Cos'è
Il diritto annuale è il tributo che deve essere versato dalle imprese iscritte o annotate nel Registro delle Imprese e dai soggetti iscritti nel Repertorio Economico Amministrativo (R.E.A.)
L’obbligo di pagare il diritto annuale sorge:
- in sede di prima iscrizione/annotazione,
- il primo gennaio di ogni successiva annualità, fino alla cancellazione.
L'obbligo di pagare il diritto annuale è rivolto :
- alle imprese iscritte o annotate nel Registro delle Imprese;
- dal 2011 ai soggetti iscritti nel solo Repertorio Economico Amministrativo del Registro delle Imprese, per le loro sedi legali;
- alle imprese con sede legale all'estero, per ogni unità locale o sede secondaria
L’importo non è frazionabile in rapporto alla durata di iscrizione nell’anno (art. 3, comma 2 D.M. 359/2001).
Come si fa
Per il pagamento del diritto annuale, l'utente può utilizzare diverse modalità, alternative fra loro.

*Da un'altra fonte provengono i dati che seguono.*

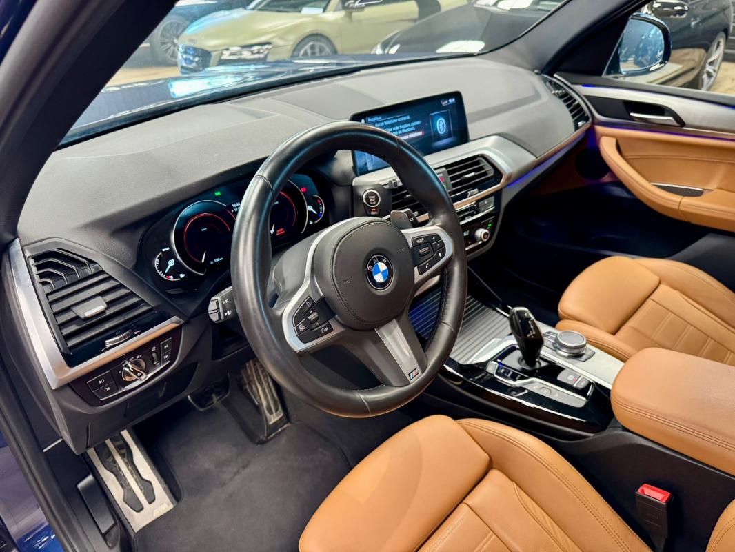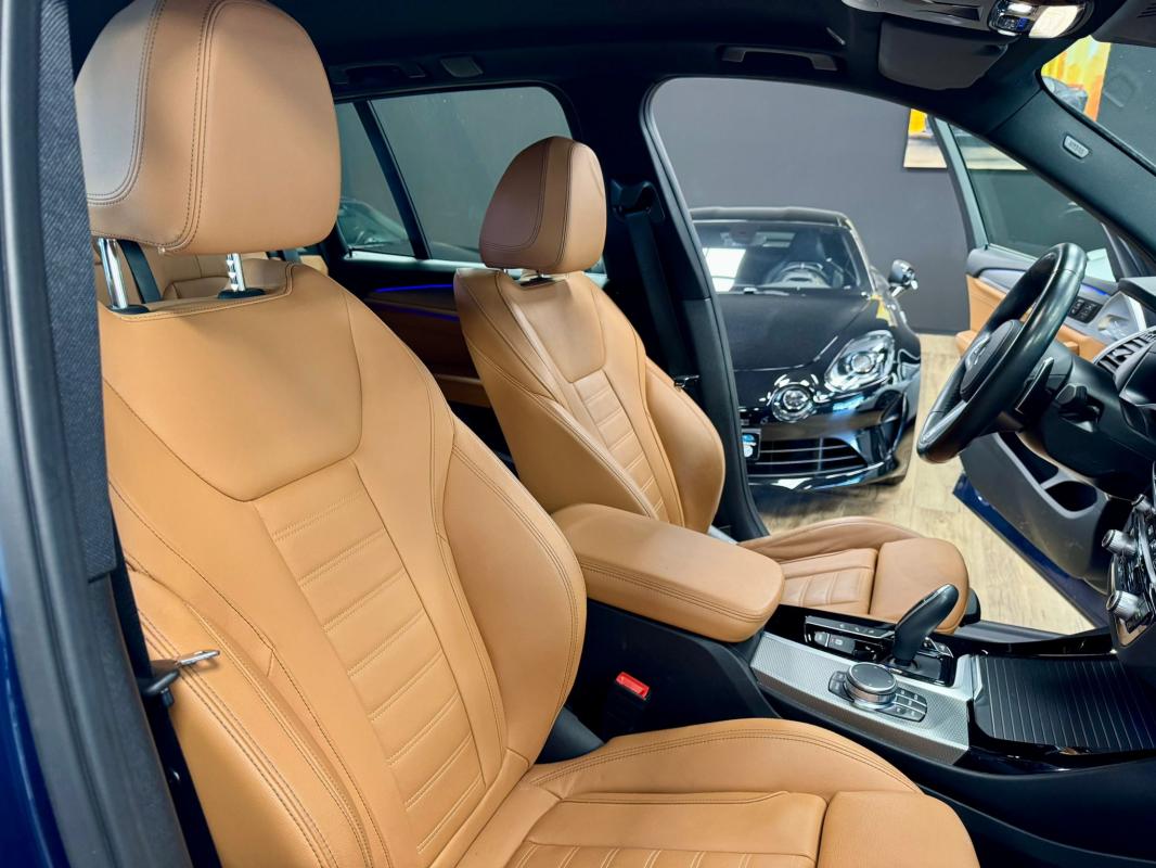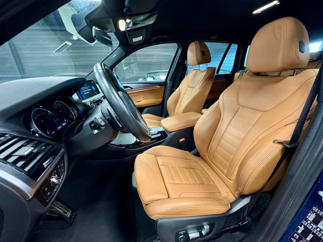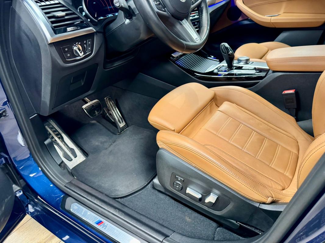 Disponible à notre adresse : Pont Maréchal, 42120 Saint-Vincent-de-Boisset 39990 € (G01) XDRIVE20DA 190 11CV M SPORT 5p, diesel, bleu foncé, 31/01/2018, première main, Nombre de roues motrices : 4, pack mémoire conducteur, jantes aluminium, Feu arrière à LED, démarrage sans clé, palettes au volant, phares à LED, limiteur de vitesse, détection des panneaux routiers, rétroviseur interieur electrochromeInformation
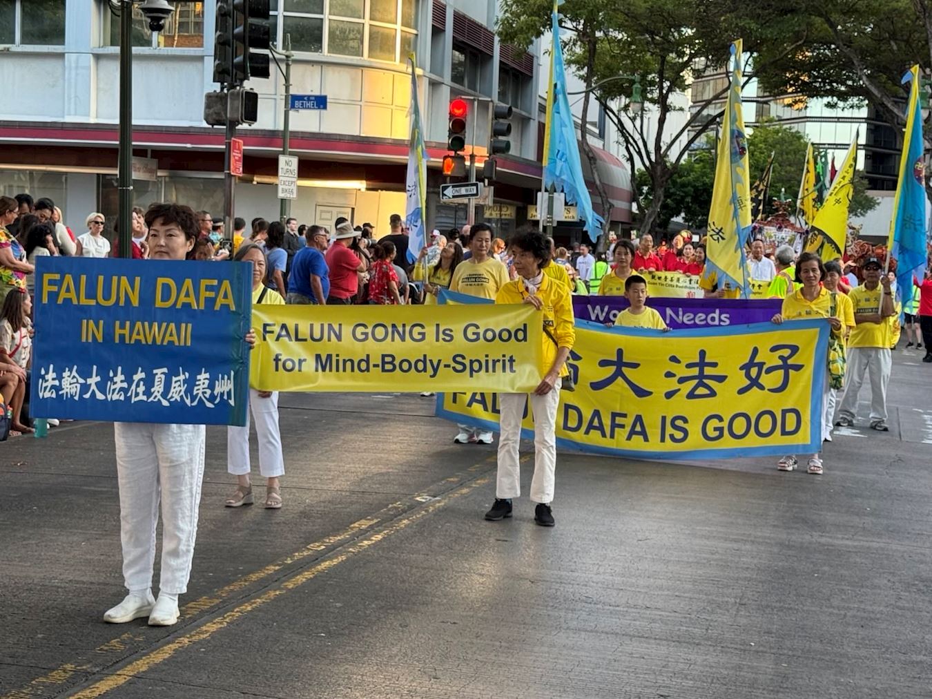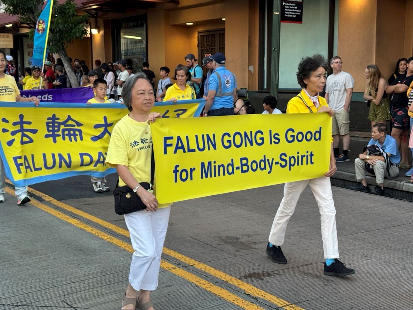 在游行中,法轮功学员打出“法轮大法在夏威夷州”、“法轮大法好”、“世界需要真善忍”等条幅,赢得了人们的喜爱。有的人向法轮功学员双手合十,表示祝福;有的人看到”世界需要真善忍”而竖起大拇指;也有华人同胞高喊一声“法轮大法好!”
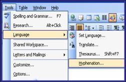- از زیر منوی نمایش داده شده فرمان Hyphenation را انتخاب کنید تا کادر محاوره ای آن باز شود.

Approfondisci le modalità di pagamento
Cosa si ottiene
Il pagamento del diritto annuale, secondo gli importi e le scadenze dovute, comporta:
- la regolarità fiscale nei confronti della Camera di commercio di iscrizione;
- la possibilità di ottenere i certificati di iscrizione (l'inadempimento e/o l'irregolare versamento blocca il rilascio della certificazione: vedi in contenuti correlati);
- la possibilità di fruire della gratuità al primo rilascio della CNS;
- possibilità ad accedere all'erogazione dei contributi e premi camerali e del sistema camerale.
Il mancato e/o l'irregolare versamento del tributo genera una violazione che l'utente può spontaneamente sanare, entro e non oltre il termine di un anno dalla scadenza ordinaria dell'annualità, con l'istituto del Ravvedimento operoso.
Costi
Gli importi del diritto annuale possono essere in misura fissa o variabile (proporzionale al fatturato dell’esercizio precedente, sulla base di scaglioni predefiniti con decreto ministeriale).
Approfondisci Determinazione importi diritto annuale
Vedi importi dovuti per anno di competenza
Scadenza termini pagamento
I termini si differenziano a seconda che l'adempimento riguardi una prima iscrizione ovvero una successiva annualità.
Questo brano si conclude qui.